Recorded data.
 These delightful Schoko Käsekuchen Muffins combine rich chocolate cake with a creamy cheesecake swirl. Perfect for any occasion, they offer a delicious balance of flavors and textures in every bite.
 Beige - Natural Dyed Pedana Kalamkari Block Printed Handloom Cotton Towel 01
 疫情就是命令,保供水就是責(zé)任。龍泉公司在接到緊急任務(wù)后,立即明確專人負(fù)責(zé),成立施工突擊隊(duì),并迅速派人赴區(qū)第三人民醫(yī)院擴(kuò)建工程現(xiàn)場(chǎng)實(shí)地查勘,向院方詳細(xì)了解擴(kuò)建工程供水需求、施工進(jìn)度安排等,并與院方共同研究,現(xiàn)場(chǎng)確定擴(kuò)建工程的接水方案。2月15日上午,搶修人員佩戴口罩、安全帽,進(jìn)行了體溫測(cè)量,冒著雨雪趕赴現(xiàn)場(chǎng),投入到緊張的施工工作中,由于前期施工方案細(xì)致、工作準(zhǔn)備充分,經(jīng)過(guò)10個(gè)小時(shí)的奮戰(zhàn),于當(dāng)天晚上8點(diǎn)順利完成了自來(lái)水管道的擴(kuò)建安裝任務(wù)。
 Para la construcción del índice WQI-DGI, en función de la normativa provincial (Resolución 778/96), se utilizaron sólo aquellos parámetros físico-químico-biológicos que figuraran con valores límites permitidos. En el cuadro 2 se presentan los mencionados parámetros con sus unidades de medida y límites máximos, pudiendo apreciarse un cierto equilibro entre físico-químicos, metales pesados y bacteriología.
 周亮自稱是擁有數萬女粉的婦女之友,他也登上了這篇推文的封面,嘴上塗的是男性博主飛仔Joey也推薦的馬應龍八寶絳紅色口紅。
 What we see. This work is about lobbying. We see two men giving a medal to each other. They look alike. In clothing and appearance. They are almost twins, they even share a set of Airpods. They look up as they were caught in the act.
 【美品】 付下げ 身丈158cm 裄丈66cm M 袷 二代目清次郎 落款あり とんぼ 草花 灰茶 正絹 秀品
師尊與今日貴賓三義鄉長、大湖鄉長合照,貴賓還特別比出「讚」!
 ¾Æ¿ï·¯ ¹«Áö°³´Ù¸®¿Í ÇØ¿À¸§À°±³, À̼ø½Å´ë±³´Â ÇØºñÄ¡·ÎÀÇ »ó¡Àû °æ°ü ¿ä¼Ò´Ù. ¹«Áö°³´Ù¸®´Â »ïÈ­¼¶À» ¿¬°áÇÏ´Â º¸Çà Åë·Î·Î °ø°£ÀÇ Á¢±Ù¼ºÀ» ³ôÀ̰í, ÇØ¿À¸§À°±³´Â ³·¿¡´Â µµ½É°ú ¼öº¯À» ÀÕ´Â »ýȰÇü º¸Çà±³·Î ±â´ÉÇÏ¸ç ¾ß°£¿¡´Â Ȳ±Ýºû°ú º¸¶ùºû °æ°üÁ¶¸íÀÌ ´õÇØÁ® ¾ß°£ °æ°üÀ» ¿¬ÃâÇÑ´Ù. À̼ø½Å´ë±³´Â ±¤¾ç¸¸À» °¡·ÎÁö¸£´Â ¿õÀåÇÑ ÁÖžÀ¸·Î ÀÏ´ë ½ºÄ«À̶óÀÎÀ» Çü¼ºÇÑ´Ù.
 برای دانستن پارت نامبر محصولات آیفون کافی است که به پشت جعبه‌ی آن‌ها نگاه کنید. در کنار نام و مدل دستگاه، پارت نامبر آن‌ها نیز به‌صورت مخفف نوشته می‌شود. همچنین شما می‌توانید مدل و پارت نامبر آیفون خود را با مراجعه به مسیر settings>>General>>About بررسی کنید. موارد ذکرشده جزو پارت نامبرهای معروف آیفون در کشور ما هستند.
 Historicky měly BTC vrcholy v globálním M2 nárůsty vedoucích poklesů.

---

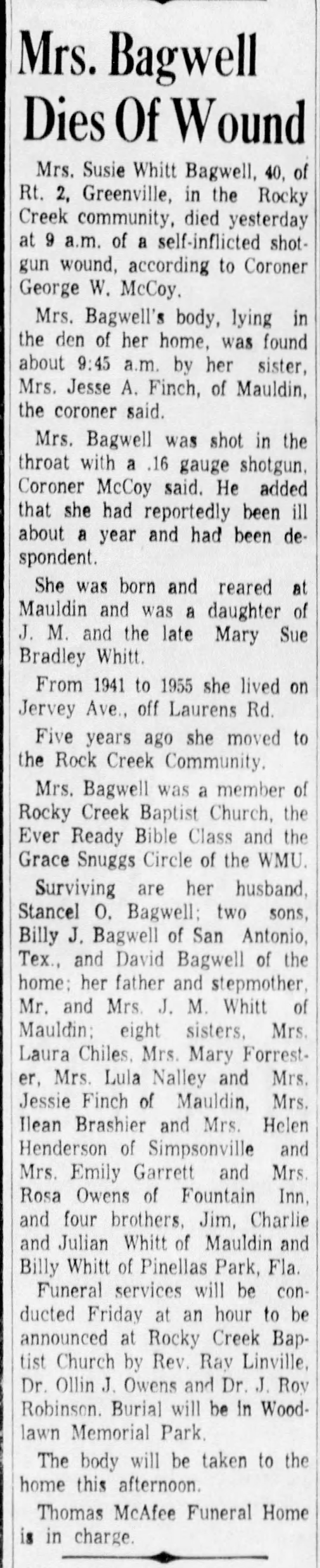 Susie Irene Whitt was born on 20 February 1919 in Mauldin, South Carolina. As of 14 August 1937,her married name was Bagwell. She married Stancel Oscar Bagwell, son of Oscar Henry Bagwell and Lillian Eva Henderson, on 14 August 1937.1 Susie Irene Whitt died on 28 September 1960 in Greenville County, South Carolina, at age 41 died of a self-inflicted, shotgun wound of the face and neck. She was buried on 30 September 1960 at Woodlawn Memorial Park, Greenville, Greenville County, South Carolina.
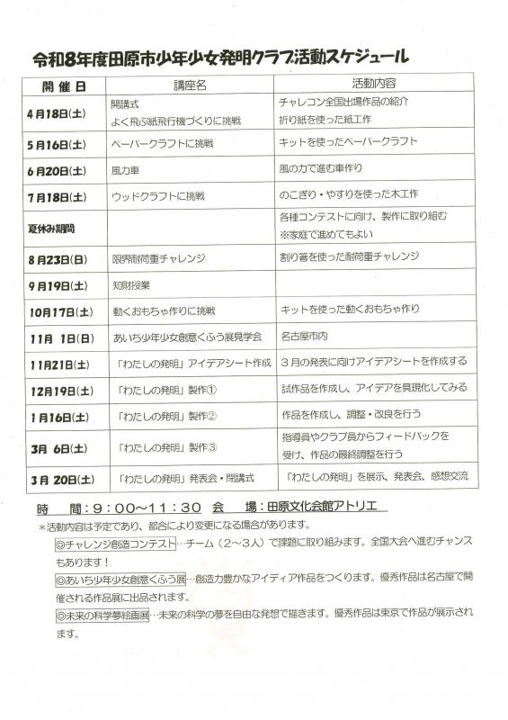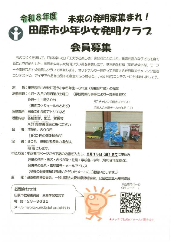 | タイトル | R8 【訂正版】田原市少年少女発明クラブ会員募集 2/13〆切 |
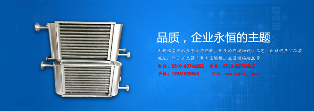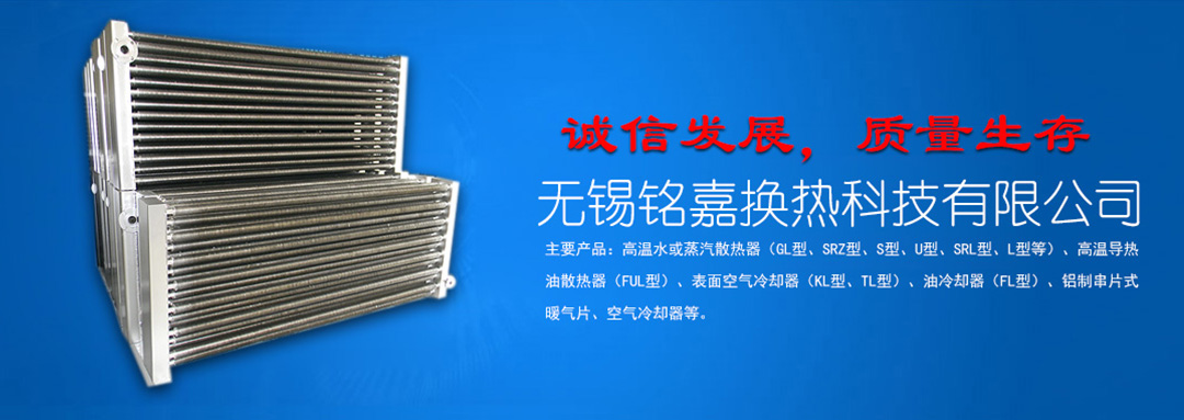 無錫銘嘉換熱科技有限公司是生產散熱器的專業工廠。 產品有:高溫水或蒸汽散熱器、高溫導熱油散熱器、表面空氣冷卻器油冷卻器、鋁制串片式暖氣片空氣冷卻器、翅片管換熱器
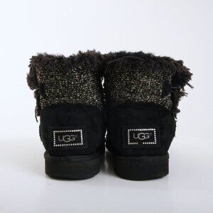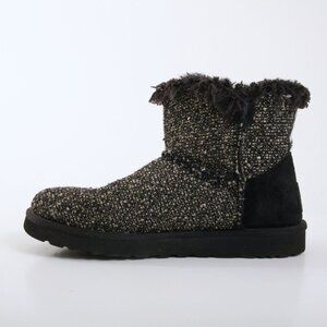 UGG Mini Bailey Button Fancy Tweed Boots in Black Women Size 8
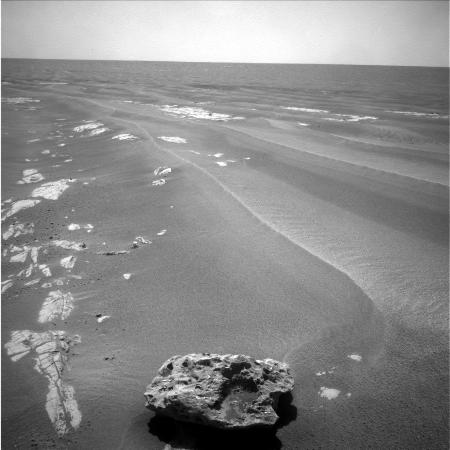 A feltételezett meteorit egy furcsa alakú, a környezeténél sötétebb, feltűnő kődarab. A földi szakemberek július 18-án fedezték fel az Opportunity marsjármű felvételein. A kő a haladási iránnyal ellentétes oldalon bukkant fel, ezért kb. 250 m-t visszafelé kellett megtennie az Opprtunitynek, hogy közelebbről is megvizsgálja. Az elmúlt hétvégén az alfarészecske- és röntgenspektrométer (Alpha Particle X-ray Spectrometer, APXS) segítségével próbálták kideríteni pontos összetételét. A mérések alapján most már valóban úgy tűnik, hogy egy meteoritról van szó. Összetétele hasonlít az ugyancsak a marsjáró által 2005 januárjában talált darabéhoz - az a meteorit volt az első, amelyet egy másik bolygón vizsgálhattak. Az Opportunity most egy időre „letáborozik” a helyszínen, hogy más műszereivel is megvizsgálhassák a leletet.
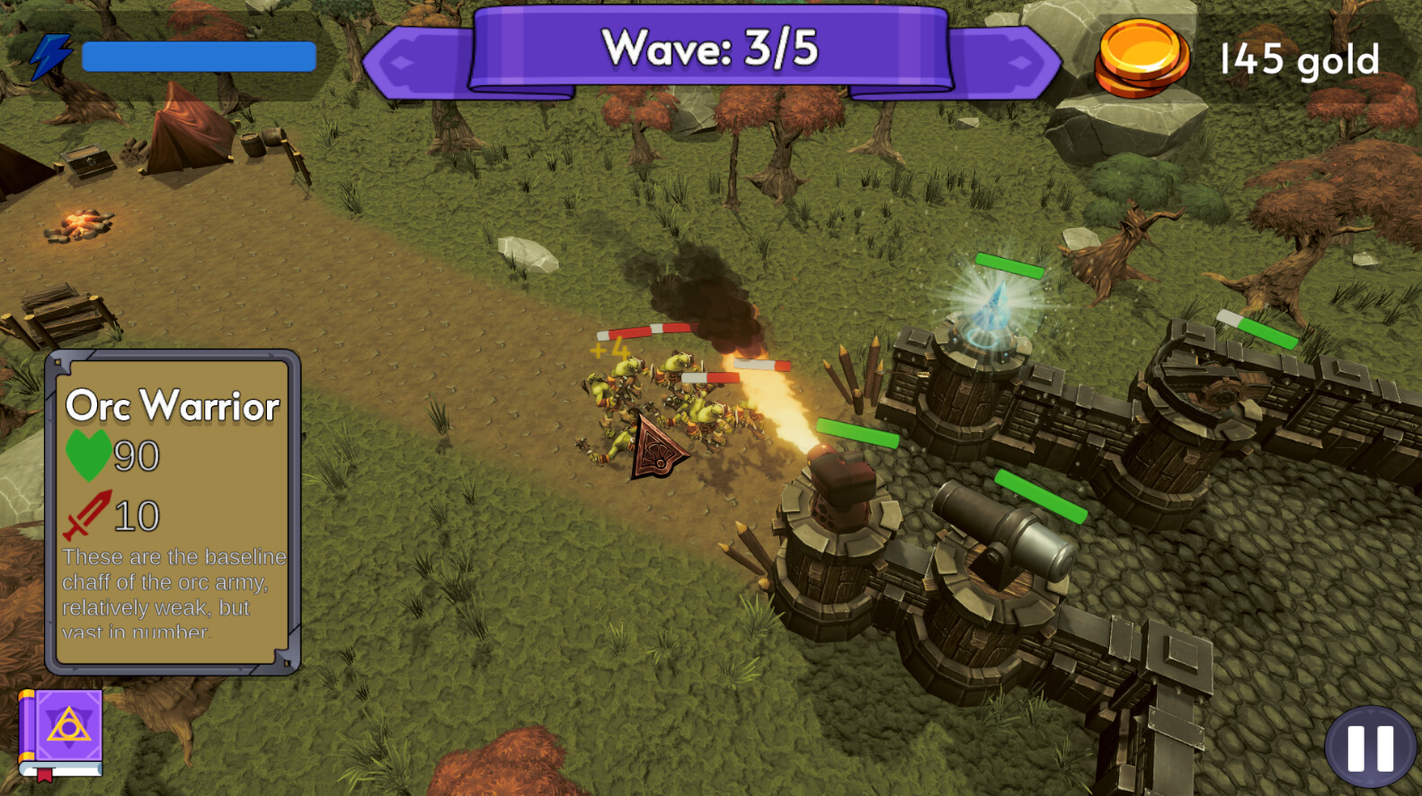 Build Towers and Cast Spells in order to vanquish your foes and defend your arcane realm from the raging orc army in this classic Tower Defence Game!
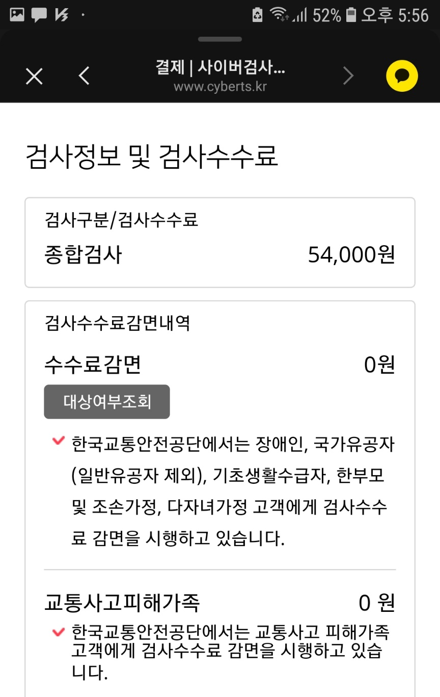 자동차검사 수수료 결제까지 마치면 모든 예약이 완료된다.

* * *

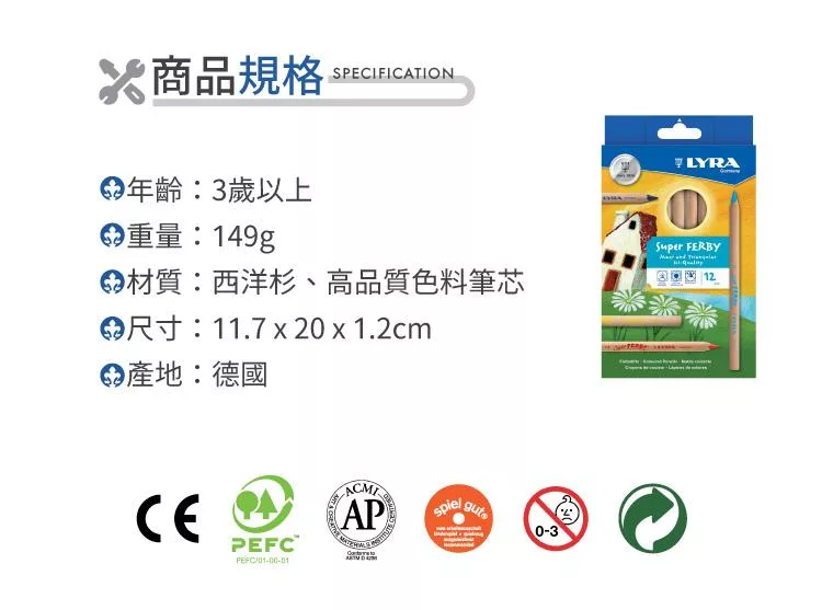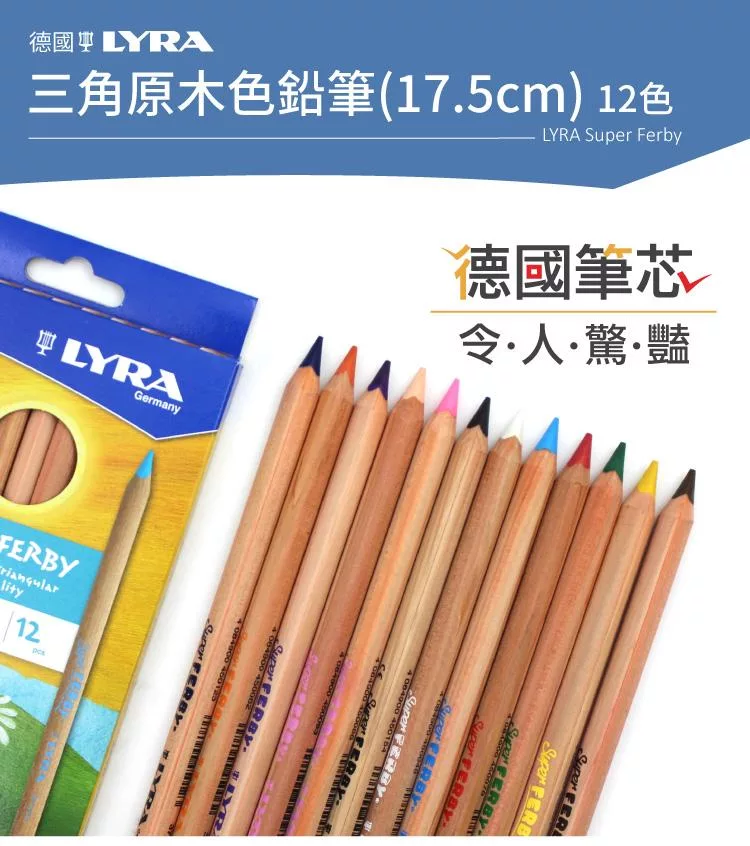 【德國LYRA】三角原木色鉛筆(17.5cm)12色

What is needed. Restate word for word only the lines above from the line containing "Beige - Natural" to the line containing "疫情就是命令,保供水就是責(zé)任。龍", both of them included.

Answer to the problem.
 Beige - Natural Dyed Pedana Kalamkari Block Printed Handloom Cotton Towel 01
 疫情就是命令,保供水就是責(zé)任。龍泉公司在接到緊急任務(wù)后,立即明確專人負(fù)責(zé),成立施工突擊隊(duì),并迅速派人赴區(qū)第三人民醫(yī)院擴(kuò)建工程現(xiàn)場(chǎng)實(shí)地查勘,向院方詳細(xì)了解擴(kuò)建工程供水需求、施工進(jìn)度安排等,并與院方共同研究,現(xiàn)場(chǎng)確定擴(kuò)建工程的接水方案。2月15日上午,搶修人員佩戴口罩、安全帽,進(jìn)行了體溫測(cè)量,冒著雨雪趕赴現(xiàn)場(chǎng),投入到緊張的施工工作中,由于前期施工方案細(xì)致、工作準(zhǔn)備充分,經(jīng)過(guò)10個(gè)小時(shí)的奮戰(zhàn),于當(dāng)天晚上8點(diǎn)順利完成了自來(lái)水管道的擴(kuò)建安裝任務(wù)。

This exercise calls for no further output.